Bill calls for $1 tax hike on cigarettes
OKLAHOMA CITY -- Oklahoma would levy a $1.23-per-pack tax on cigarettes under a bill filed Wednesday by Rep. Ray Vaughn, R- Edmond.
The state currently taxes cigarettes at 23 cents per pack.
"The revenue would raise about $185.7 million," Vaughn said. "For the first eight years, that revenue would be earmarked; 10 percent to fund the state tobacco prevention and cessation plan that has been proposed. The other 90 percent would go for medical care."
Vaughn and Sen. Ben Robinson, D-Muskogee, will author this measure and two others that would establish an indoor workplace clean-air law.
"Basically, it would prohibit smoking in all indoor workplaces throughout the state," Vaughn said. "There would be a few exceptions to that that are set forth in the bill."
Some of those exceptions include stand-alone bars and taverns, bingo parlors during hours of operation, as much as 25 percent of hotel guest rooms, tobacco stores, family and sole-proprietor workplaces and private offices with only incidental public access, nonchild-care workplaces in private homes and medical research or treatment centers, if smoking is integral to the research or treatment.
Smoking would be prohibited within 15 feet of building entrances, exits and air intakes, as well.
"We still have between 300,000 and 400,000 employees that are subjected to secondhand smoke in their workplaces," Vaughn noted.
He said his bill would still permit workers to smoke in separately ventilated places.

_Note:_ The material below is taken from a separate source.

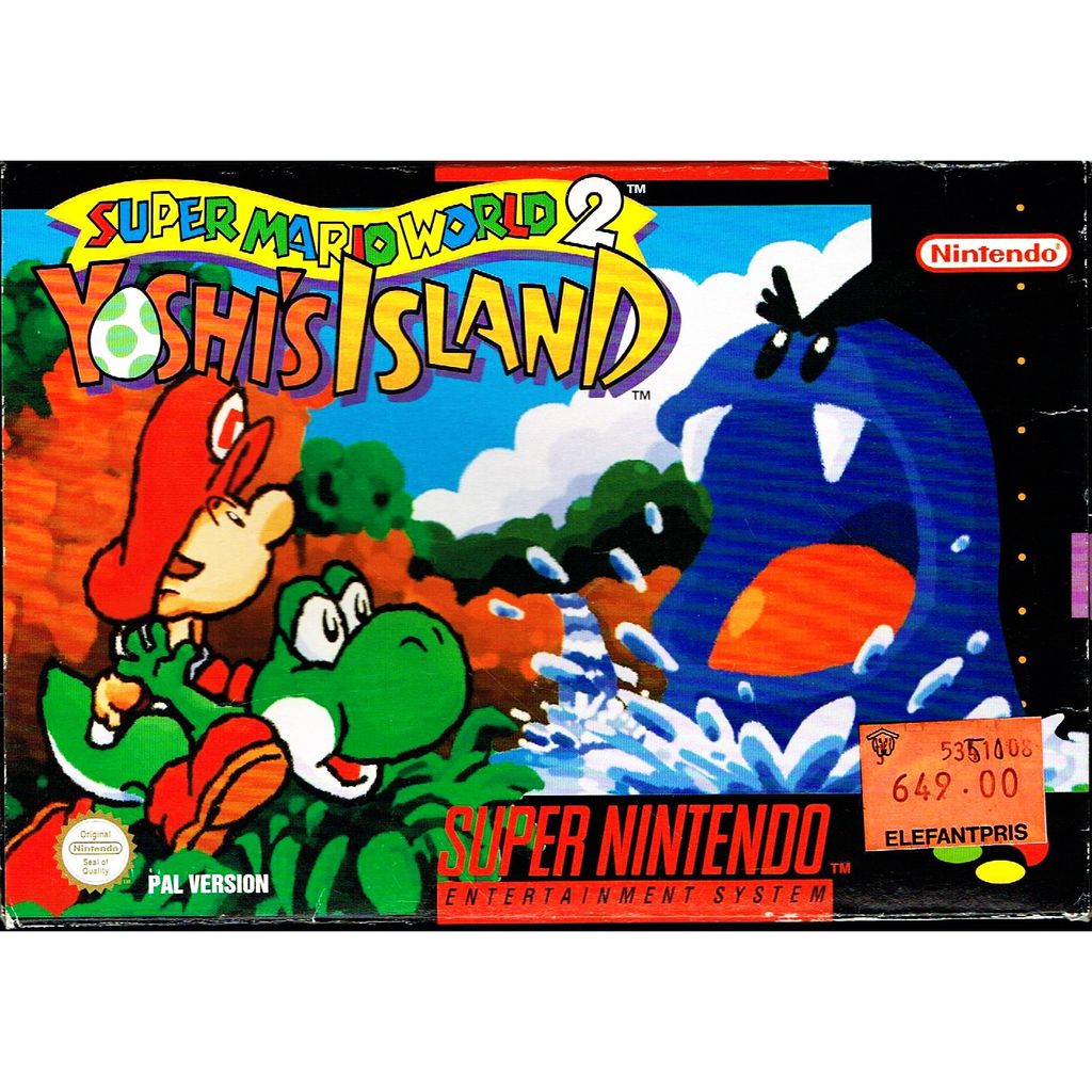 Super Mario World 2: Yoshi's Island or simply Yoshi's Island, is a 1995 platform video game developed and published by Nintendo for the Super Nintendo Entertainment System. Acting as a prequel to 1990's Super Mario World, the game casts players as Yoshi as he escorts Baby Mario through 48 levels in order to reunite him with his brother Luigi, who had been kidnapped by Baby Bowser's minions. As a Super Mario series platformer, Yoshi runs and jumps to reach the end of the level while solving puzzles and collecting items. In a style new to the series, the game has a hand-drawn aesthetic and is the first to have Yoshi as its main character. The game introduces his signature abilities to flutter jump, produce eggs from swallowed enemies, and transform into vehicles.

One version of the workplace law would be constitutional and would require a vote of the people, as would the tax increase. The other would establish the clean-air law as a statute.
"It doesn't require a vote of the people," Vaughn said. "Hopes would be that the Legislature would just step up and pass it and not have to send it to a vote."
A fourth bill will be authored by Vaughn and Sen. Penny Williams, D-Tulsa.
"We're strengthening enforcement through the youth-access laws that we have in Oklahoma," Vaughn said.
"The crux of that bill would be that if a tobacco retailer sold tobacco products to a child, and on the third offense within a two- year period, they would have their license suspended for a period of 30 days.
"If they did it again subsequently within that same two-year period, their license would be up for suspension for 60 days. This would be a substantial penalty for a retailer."
There is another reason to enforce laws against sales to children, he added.
"We stand to lose $7 million in federal funding if we don't enforce our tobacco sales laws with regard to minors," Vaughn said.
The Legislature last year banned smoking in the state Capitol and other public buildings but balked at more sweeping legislation that would have banned smoking in most public places.
The state Board of Health adopted administrative rules to limit smoking in restaurants and other businesses, but those rules were challenged in court by restaurateurs.